AnnotationTranscript assemblies were constructed using PASA from Mimulus guttatus ESTs (~555K, IM62 and DUN, including some 454 EST reads) and ESTs of related species (~256K, other asterids). Loci were determined by BLAT alignments of above transcript assemblies and/or BLASTX alignments of proteins from arabi (Arabidopsis thaliana), rice, grape genomes or a few tomato, potato and tobacco proteins to repeat-soft-masked M. guttatus genome. Gene models were predicted by homology-based predictors, mainly by FGENESH+ with the addition of GenomeScan if FGENESH+ produced no model at the locus. Predicted genes were UTR-extended and/or improved by PASA. Filtered gene set was made from PASA improved gene models based on ESTs support or protein homology support subjected to filtering of repeats/transposable elements. Protein domains (Pfam and Panther) were assigned to filtered gene models and gene models whose protein contains >= 30% TE domains were further filtered out to yield 26,718 genes/loci.
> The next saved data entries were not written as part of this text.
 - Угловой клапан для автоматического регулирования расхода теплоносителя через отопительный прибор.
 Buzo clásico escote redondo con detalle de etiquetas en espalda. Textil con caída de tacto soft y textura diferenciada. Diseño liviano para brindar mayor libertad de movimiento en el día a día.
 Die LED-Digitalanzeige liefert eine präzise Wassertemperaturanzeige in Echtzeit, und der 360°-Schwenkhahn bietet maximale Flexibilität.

StatisticsThis release of Phytozome includes the JGI gene annotation v1.1 of assembly v1.0:
- Approximately 321.7Mb arranged in 2216 scaffolds
- Approximately 300.7Mb arranged in 17831 contigs (~ 6.5% gap)
- Scaffold N50 (L50) = 81 (1.1 Mbp)
- Contig N50 (L5) = 1770 (45.5 Kbp)
- 512 scaffolds larger than 50 Kbp, with 95.7% of the genome in scaffolds larger than 50 Kbp
- 26718 loci containing protein-coding genes
- 28282 protein-coding transcripts
What can I do with the Mimulus dataset?
- I would like to use this data to help clone a gene, analyse a gene family, etc.
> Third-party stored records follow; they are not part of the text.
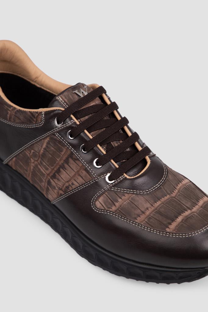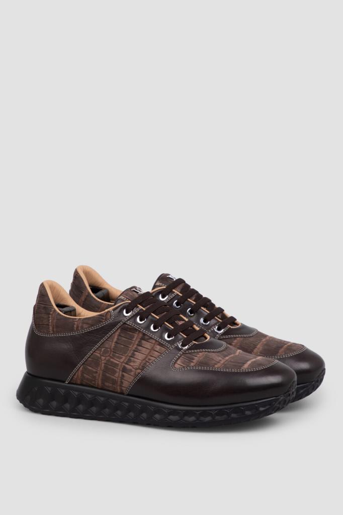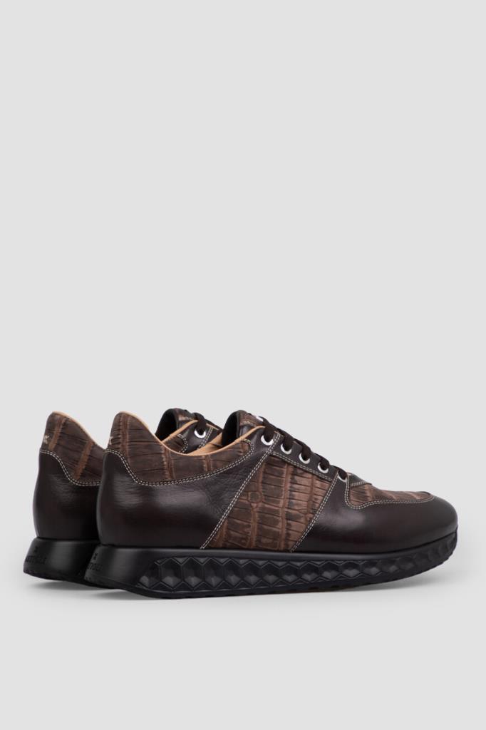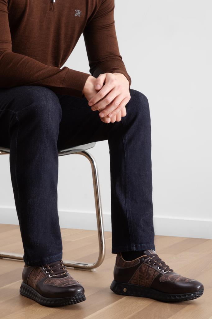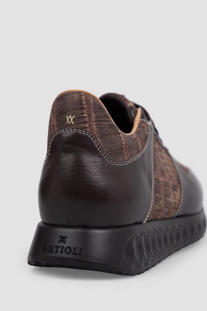 Кроссовки ARTIOLI выполнены в тёмно-коричневых тонах. Конструкция удобной пары из гладкой телячьей кожи и фактурной матовой кожи крокодила предполагает закрытый тип шнуровки и объёмную чёрную подошву с фактурным узором и тиснёными логотипом и монограммой Дома сзади. Комбинированная модель отличается двойной прострочкой на швах и бежевыми кантом на шнуровке и внутренней отделкой.
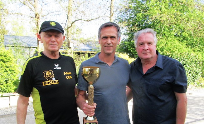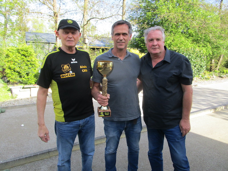 Dabei setzen sich Bernhard Golla und Alfred Rockinger (rechts im Bild) durch und spielten anschließend den Boccia-Pokal aus. In einem sehr guten Finale siegte der an diesem Tag gut aufspielende Bernhard Golla (Bildmitte) verdient und freute sich sehr über diesen Erfolg.
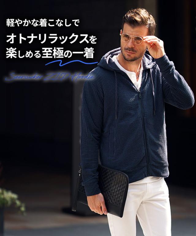 軽やかに季節を纏う『シアサッカーZIPパーカー』【シアサッカーZIPパーカー】■Design/デザインシアサッカー素材で軽快に纏うZIPパーカー。生地に凹凸をもたせたシアサッカー素材で清涼感を演出し、伸縮素材も配合することで肌なじみが良く、身体のラインに添った美シルエットに。春夏でも軽やかに着用できるため、サーフシーンやアウトドアなシーンでも大活躍。リラックス感と爽やかさを併せ持つオトナのZIPパーカーで軽快に着こなせ。■Material/素材感綿とポリエステルを使用し、柔らかく軽やかな着用感が特徴。シアサッカー素材のため肌にへばりつかず、汗ばむ時期も爽やかに着こなせるのが嬉しいポイント。
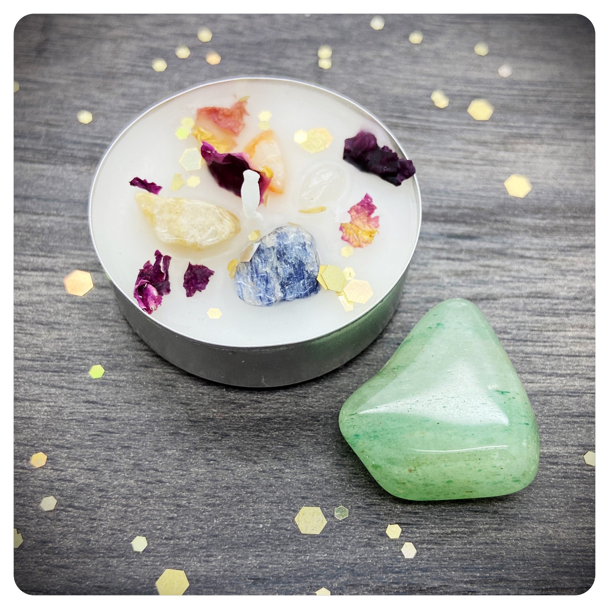 A wonderful gift for yourself or a friend, this cute little box contains a genuine Aventurine tumblestone and tea light candle, decorated with small gemstones, rose petals and biodegradable glitter.

- Wonderful! Please feel free to use this data to advance your studies of plant biology. Please reference "Mimulus Genome Project, DoE Joint Genome Institute" as your citation. Also please recognize that this is a preliminary release, which may include various errors. Caveat emptor.
- I think I found an error.What should I do?
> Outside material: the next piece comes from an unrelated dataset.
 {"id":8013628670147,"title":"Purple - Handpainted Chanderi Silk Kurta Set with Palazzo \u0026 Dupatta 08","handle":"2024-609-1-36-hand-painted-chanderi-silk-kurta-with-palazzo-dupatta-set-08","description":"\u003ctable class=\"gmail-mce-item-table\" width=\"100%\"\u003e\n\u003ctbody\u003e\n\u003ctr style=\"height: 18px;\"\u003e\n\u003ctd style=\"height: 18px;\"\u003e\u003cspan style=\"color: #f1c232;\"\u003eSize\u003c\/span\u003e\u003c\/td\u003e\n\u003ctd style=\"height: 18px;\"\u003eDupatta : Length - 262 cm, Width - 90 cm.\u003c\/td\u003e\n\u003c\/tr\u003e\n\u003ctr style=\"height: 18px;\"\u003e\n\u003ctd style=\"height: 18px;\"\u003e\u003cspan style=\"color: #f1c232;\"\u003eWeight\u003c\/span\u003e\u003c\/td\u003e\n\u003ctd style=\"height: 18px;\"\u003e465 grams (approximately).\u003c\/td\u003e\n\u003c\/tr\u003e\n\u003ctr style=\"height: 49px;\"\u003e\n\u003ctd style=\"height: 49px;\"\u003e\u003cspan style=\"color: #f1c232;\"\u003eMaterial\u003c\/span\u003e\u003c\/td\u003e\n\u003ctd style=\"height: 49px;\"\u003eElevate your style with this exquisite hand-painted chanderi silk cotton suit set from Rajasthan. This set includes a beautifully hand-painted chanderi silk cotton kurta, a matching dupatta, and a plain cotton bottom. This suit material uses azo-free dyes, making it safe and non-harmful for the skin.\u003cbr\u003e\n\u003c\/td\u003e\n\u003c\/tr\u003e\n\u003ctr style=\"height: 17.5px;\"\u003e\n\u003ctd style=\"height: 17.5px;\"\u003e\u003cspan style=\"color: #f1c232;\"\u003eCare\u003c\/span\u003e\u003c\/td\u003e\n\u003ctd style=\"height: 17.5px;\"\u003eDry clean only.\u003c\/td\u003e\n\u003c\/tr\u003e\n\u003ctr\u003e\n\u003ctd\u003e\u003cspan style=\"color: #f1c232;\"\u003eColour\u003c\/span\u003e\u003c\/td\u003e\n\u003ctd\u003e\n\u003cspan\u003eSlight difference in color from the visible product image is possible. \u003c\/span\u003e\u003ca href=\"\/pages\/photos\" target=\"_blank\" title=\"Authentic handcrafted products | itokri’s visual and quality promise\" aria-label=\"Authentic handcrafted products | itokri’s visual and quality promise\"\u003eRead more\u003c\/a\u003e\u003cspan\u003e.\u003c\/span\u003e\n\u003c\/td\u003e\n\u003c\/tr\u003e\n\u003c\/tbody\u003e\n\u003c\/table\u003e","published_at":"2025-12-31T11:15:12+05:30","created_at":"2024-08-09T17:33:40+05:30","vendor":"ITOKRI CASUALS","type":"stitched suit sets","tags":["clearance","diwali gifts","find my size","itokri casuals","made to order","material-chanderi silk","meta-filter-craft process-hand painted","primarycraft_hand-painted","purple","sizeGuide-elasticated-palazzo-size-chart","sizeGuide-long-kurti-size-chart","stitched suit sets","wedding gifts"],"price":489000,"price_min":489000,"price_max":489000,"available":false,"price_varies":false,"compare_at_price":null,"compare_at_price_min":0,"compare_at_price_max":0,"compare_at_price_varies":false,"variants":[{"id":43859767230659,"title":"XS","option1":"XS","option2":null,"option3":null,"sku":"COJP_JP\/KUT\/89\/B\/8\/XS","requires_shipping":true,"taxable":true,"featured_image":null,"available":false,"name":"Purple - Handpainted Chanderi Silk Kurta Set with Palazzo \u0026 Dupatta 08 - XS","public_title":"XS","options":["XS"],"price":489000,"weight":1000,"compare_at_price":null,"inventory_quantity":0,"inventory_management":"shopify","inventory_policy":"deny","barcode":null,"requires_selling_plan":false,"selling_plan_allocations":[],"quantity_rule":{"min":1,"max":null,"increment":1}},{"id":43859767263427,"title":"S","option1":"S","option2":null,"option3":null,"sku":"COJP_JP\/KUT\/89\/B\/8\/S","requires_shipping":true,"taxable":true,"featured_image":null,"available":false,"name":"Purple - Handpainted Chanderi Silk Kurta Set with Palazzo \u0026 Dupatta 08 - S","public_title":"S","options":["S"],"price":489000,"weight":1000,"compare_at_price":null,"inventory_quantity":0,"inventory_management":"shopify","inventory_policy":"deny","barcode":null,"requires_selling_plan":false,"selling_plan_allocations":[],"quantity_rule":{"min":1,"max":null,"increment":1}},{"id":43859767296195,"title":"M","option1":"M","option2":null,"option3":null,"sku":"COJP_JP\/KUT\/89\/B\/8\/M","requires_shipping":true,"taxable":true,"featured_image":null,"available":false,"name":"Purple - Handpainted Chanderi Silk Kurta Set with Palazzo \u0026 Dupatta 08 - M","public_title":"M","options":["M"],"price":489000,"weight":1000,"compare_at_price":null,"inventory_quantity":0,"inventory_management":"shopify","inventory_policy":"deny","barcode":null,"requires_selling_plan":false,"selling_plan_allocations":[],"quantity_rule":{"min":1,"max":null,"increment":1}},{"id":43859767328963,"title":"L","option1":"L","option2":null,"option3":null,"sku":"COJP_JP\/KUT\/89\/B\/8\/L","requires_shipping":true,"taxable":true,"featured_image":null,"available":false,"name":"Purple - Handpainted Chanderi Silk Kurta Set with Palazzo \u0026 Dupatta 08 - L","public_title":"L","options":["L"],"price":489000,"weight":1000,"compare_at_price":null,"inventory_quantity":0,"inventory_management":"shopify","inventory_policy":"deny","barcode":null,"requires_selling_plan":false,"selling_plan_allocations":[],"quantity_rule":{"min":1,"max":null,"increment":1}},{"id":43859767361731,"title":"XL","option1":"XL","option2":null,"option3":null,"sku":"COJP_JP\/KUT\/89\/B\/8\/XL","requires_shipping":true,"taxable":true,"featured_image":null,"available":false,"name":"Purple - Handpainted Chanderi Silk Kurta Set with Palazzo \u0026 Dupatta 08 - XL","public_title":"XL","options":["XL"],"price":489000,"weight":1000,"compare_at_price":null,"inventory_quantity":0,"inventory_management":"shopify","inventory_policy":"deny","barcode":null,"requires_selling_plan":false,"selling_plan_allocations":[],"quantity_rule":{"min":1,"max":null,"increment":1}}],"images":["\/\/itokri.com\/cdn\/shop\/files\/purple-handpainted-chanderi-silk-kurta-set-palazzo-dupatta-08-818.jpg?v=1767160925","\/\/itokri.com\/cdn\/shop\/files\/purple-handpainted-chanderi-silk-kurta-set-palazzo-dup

- If you would like to bring any items to our attention, please email us.
- I would like to do a large-scale comparison of Mimulus to other genomes, and/or a global analysis of its gene content.
- Our plans for publication of the Mimulus genome are described below, and are focused on the large-scale analysis of the gene and repetitive content of the genome and its evolutionary dynamics (including synteny and chromosomal/segmental duplication, gene family evolution, gene structure evolution) relative to other angiosperms. The Fort Lauderdale guidelines for large scale sequencing projects aims to balance the value of rapid data release for the user community with respect for the scientific interests of the generators of the data. We ask that you respect these scientific goals as discussed in the Fort Lauderdale guidelines. A plan for the coordinated submission of companion manuscripts to Genome Research will be developed.
What are the publication plans?
We expect that the initial manuscript describing the assembly, annotation, and first analysis of the Mimulus genome will be based on an improved, chromosome-scale assembly to be developed by the end of 2010. This assembly and its annotation will be distributed prior to publication. Our target is submission of a manuscript no later than nine months after completion of chromosome-scale assembly and annotation.